CR

Chain Replication Database

In banking system demands are very tight. Database should be at least tripled, stand-by nodes should pick up master reads from failover node, writes should be accepted on a reasonble quorum, failover must be followed by recovery, database should be able to scale even with the RAM/DISC limitations.

No data should be treated as written otherwise that commited to all replicas. All this circumstances leads us to chain replication protocol as a simple and natural feedback to this challenge.

Different replication techniques exists to satisfy replication demands. Master-slave replication is most widely known type of replication used before in such products like GFS, HDFS, mongodb, etc. Quorum Intersection is another technique used in databases like Cassandra or Amazon Dynamo. They mostly provide a consistent distributed repository for event tables or for file storage. In banking industry we synchronize account balances and need simple and managable protocol for storage consistency issuing high demand on system integrity.
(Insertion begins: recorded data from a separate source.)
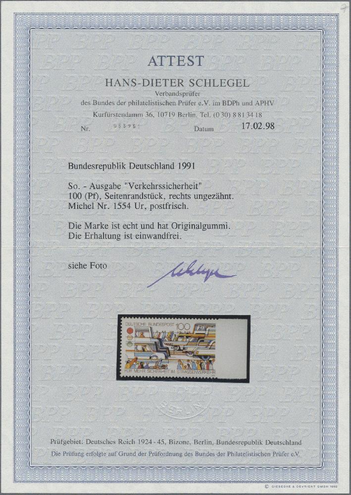 | Zusatzinformationen und Suchstichworte: | Christoph Gärtner 54. Auktion 19. Oktober 2022 Los 6442 D Bundesrepublik Deutschland 1991, 100 Pf., Verkehrssicherheit, Abart "RECHTS UNGEZÄHNT", vom rechten Bogenrand, tadellos postfrisch. Fotoattest Schlegel BPP: "Die Marke ist echt und hat Originalgummi. Die Erhaltung ist einwandfrei.". Mi. 500,- EUR Ausruf 100,00 EUR |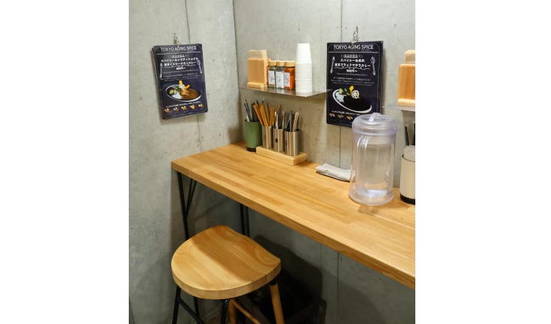 ルーやスープの種類やトッピング、辛さの組み合わせで自分好みのカレーが完成しますが、席にはコリアンダーやターメリックなどのカレーに欠かせないスパイスや、七味唐辛子、あおさなど和のスパイスなども揃っているので、お皿のうえで自分好みの味を追求することも可能。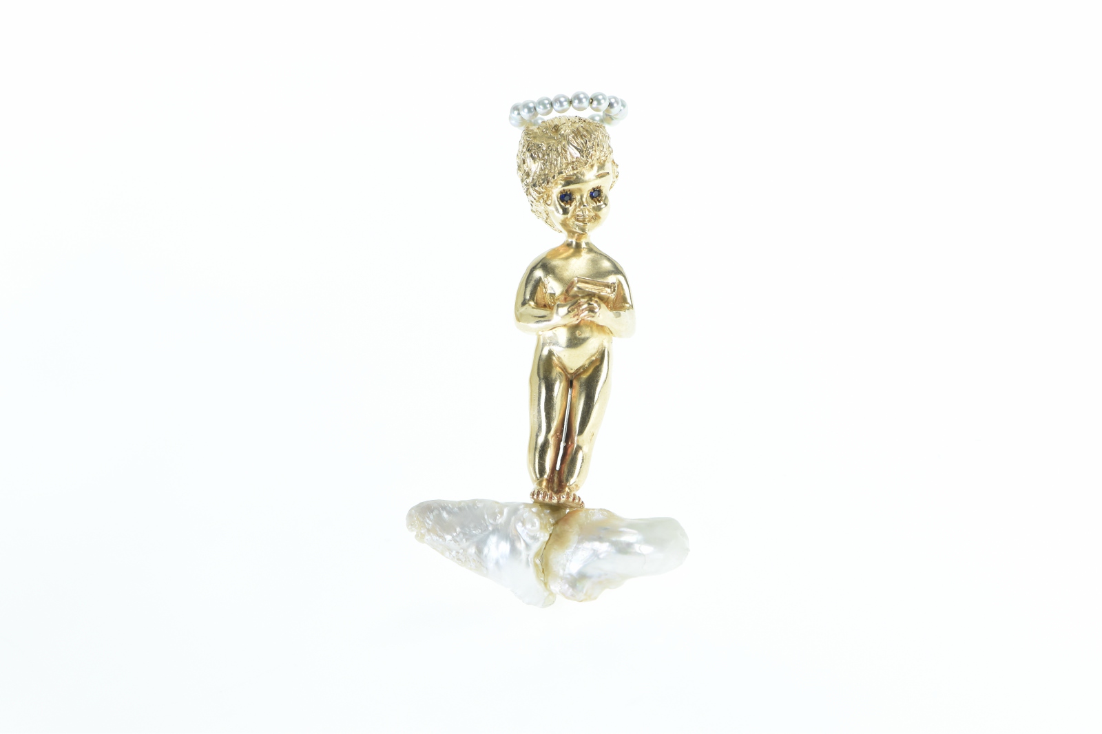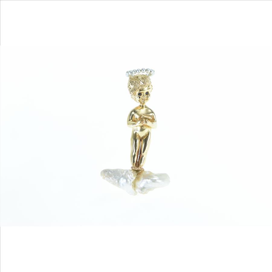 Item:  14K William Ruser Sabbath Child Cherub Yellow Gold Pin/Brooch

There are several classes of error usually implied when dealing with failure detection. The most weak class is fail-stop events, when the outage is normal or predictable. The second class is crash-failures, the ubnormal terminations and outages. The most strong type of failures are byzantine failures resistant to bit-flips, hacked parties or any types of compromising the transaction objects. For banking applications the byzantine fault tolerance is desired, despite it affects the latency. However we will show that CR latency is acceptible even in compare with web applications.

Features

CP database
2N+1 nodes tolerates N failures
Consistent hashing DHT
RAFT for managing server configurations timeline
HMAC signing for Byzantine capabilities
Various database backends: mnesia, riak, redis, fs, sql
High-performance non-blocking TCP acceptor
Separate endpoints for HEART, CLIENT and SERVER protocols
Pure, clean and understandable codebase

Consistent Hash Ring

Bulding a consistent hash ring is a key feature that opens a door to the distributed system. CR is using only five functions to model the DHT ring. Ring provides a desirable probability in series of nines of working event condition.


 > cr:ring().

{12,
 [{0,0},
  {121791803110908576516973736059690251637994378581,1},
  {243583606221817153033947472119380503275988757162,1},
  {365375409332725729550921208179070754913983135743,1},
  {487167212443634306067894944238761006551977514324,1},
  {608959015554542882584868680298451258189971892905,2},
  {730750818665451459101842416358141509827966271486,2},
  {852542621776360035618816152417831761465960650067,2},
  {974334424887268612135789888477522013103955028648,2},
  {1096126227998177188652763624537212264741949407229,3},
  {1217918031109085765169737360596902516379943785810,3},
  {1339709834219994341686711096656592768017938164391,3},
  {1461501637330902918203684832716283019655932542972,3}]}

The ring or configuration is partitioned by shards or peers.


> cr:peers().

[{'[email protected]',9000,9001,9002},
 {'[email protected]',9004,9005,9006},
 {'[email protected]',9008,9009,9010}]

Each peer is running several replica protocol vnodes. Each vnode is a replica process that serves a specific key-range.


> cr:local().

[{487167212443634306067894944238761006551977514324,<0.200.0>},
 {365375409332725729550921208179070754913983135743,<0.199.0>},
 {243583606221817153033947472119380503275988757162,<0.198.0>},
 {121791803110908576516973736059690251637994378581,<0.197.0>}]


> cr:chain(foo).

[{1461501637330902918203684832716283019655932542972,3},
 {487167212443634306067894944238761006551977514324,1},
 {974334424887268612135789888477522013103955028648,2}]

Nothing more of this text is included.